*Task statement*
Among the lines of the listing below, retype exactly those from the one containing "Pack It Chic" through the one containing "Averaging a solid", both included. Do not include pictures.
===== Material supplied =====
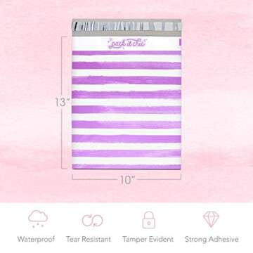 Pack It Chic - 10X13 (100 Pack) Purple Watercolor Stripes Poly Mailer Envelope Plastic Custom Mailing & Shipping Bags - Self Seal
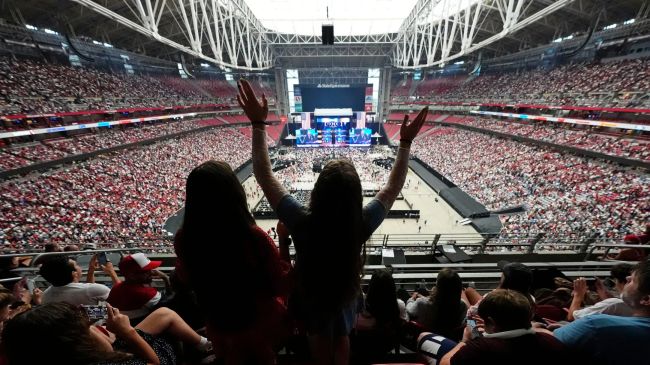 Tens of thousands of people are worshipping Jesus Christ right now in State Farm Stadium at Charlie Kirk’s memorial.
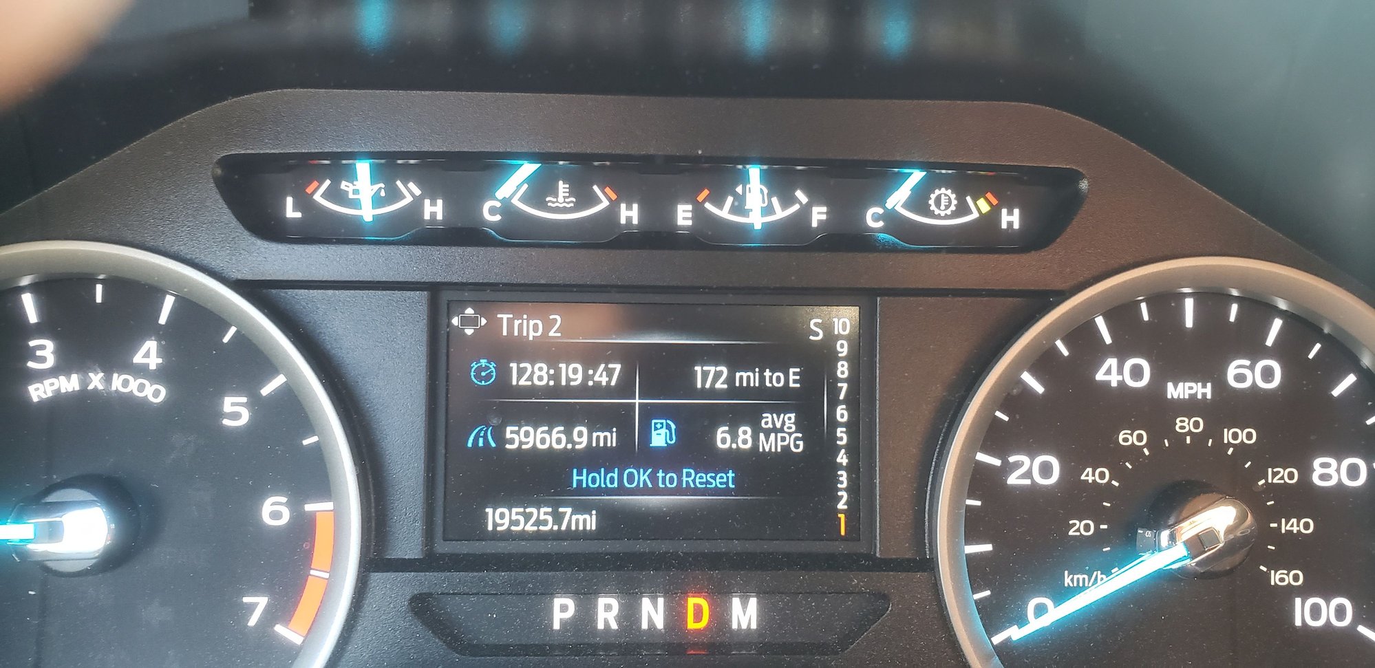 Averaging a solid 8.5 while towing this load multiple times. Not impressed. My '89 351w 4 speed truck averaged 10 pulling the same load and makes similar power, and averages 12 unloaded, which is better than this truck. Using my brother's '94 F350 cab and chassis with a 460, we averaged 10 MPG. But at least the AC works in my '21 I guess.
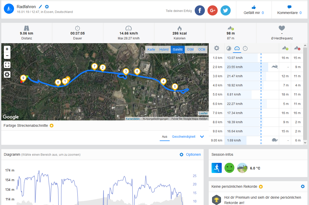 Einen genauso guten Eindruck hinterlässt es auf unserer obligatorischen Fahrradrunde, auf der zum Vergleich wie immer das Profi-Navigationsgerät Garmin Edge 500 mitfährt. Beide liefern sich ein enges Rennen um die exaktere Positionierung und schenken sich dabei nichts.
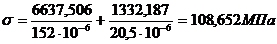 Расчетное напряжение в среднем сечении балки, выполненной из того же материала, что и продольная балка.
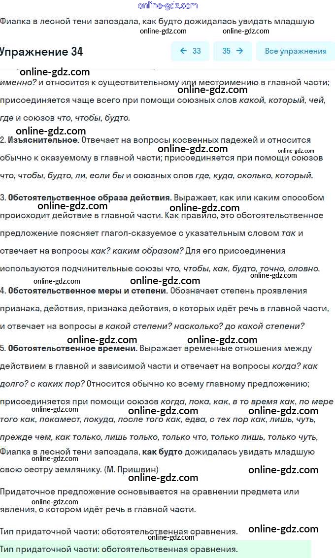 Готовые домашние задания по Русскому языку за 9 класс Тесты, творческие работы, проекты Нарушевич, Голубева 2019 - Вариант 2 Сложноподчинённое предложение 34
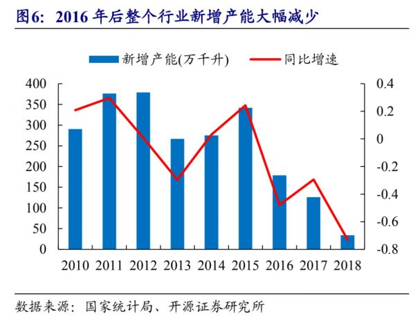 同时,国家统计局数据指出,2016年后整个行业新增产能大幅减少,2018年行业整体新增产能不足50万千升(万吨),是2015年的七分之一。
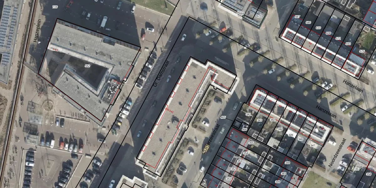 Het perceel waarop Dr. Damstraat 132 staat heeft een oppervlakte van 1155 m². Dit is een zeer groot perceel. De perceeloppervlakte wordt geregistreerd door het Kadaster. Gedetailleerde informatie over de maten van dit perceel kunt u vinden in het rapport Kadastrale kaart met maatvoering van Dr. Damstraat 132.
=====
===== Material supplied =====
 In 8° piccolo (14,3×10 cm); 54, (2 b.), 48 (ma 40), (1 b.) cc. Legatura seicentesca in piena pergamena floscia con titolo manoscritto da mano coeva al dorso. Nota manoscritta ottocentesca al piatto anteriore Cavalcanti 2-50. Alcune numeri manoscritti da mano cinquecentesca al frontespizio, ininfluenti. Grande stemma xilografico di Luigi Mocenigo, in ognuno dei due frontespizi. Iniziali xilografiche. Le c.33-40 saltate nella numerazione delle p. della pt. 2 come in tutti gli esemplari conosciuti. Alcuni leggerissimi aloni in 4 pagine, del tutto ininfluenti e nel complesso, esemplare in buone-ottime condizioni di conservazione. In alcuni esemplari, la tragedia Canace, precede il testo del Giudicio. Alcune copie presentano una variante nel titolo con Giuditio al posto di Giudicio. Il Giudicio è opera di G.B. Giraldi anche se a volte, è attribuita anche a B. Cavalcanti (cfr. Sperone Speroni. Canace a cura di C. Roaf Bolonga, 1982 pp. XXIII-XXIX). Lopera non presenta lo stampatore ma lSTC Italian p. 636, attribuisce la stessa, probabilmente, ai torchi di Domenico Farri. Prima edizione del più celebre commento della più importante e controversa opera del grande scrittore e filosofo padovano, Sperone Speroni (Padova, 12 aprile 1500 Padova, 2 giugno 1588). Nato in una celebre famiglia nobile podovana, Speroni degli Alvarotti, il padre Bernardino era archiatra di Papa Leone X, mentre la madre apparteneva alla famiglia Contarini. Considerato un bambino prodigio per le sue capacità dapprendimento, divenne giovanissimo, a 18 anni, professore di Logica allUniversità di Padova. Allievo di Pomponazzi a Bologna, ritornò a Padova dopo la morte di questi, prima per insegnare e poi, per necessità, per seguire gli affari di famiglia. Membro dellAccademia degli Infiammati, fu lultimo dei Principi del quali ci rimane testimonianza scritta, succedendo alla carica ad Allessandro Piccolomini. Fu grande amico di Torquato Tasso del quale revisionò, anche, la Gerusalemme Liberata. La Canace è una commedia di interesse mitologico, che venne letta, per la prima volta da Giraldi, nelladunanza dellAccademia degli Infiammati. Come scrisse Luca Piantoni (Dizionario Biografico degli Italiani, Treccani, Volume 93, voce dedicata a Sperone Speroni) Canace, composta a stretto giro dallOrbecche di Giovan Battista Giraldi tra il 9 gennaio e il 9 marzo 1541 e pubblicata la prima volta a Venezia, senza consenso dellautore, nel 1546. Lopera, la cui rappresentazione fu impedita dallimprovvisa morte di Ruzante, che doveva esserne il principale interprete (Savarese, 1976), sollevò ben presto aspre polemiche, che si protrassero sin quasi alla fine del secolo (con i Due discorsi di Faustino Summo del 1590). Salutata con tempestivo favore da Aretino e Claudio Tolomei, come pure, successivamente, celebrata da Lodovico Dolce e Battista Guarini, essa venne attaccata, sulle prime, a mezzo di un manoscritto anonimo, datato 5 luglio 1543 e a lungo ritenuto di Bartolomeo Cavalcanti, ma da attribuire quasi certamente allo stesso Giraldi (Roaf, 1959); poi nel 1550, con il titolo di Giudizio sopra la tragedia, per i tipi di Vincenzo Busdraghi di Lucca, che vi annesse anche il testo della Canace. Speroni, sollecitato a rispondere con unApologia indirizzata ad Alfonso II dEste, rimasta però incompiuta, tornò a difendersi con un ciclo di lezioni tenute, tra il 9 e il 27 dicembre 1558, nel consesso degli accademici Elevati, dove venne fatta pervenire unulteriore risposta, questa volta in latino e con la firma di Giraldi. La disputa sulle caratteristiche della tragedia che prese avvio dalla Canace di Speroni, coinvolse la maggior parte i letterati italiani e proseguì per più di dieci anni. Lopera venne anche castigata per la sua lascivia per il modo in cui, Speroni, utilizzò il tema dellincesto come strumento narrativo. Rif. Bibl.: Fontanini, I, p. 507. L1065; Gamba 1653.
=====
===== Material supplied =====
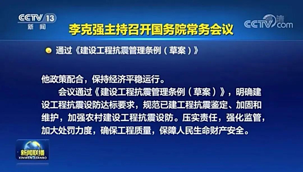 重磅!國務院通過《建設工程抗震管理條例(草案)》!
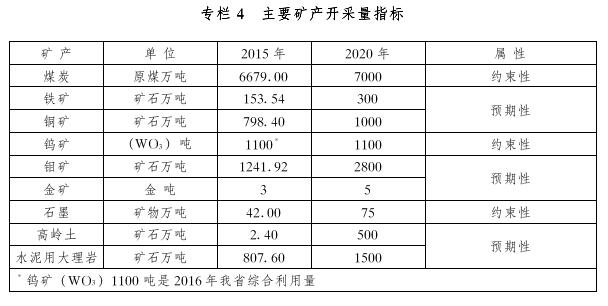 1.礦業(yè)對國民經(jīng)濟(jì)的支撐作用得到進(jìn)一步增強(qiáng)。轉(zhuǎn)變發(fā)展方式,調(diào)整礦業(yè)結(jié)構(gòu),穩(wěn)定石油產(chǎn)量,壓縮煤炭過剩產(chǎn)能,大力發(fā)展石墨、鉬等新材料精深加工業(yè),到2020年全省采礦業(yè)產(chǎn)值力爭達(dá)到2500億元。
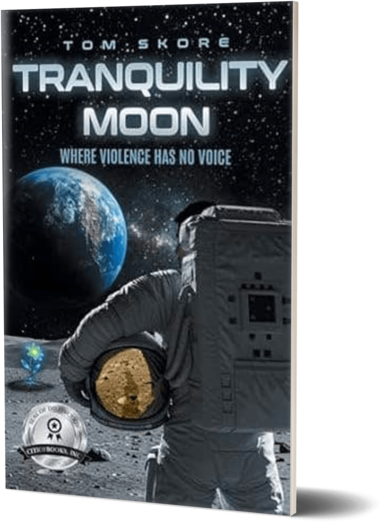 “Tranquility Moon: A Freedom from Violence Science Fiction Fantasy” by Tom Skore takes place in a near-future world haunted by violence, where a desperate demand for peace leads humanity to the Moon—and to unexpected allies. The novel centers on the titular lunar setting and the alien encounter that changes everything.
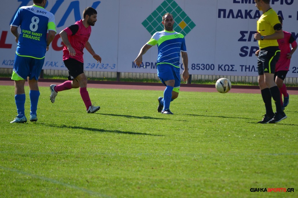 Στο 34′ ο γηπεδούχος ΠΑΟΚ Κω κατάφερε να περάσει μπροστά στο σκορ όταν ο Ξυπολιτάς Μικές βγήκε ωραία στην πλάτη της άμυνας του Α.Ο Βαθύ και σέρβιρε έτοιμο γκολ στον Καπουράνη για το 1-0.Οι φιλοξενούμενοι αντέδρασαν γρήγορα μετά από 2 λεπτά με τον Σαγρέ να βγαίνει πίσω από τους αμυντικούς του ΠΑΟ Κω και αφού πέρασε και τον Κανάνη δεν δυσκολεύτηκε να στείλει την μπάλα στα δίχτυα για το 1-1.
=====
*Finished task*
 Pack It Chic - 10X13 (100 Pack) Purple Watercolor Stripes Poly Mailer Envelope Plastic Custom Mailing & Shipping Bags - Self Seal
 Tens of thousands of people are worshipping Jesus Christ right now in State Farm Stadium at Charlie Kirk’s memorial.
 Averaging a solid 8.5 while towing this load multiple times. Not impressed. My '89 351w 4 speed truck averaged 10 pulling the same load and makes similar power, and averages 12 unloaded, which is better than this truck. Using my brother's '94 F350 cab and chassis with a 460, we averaged 10 MPG. But at least the AC works in my '21 I guess.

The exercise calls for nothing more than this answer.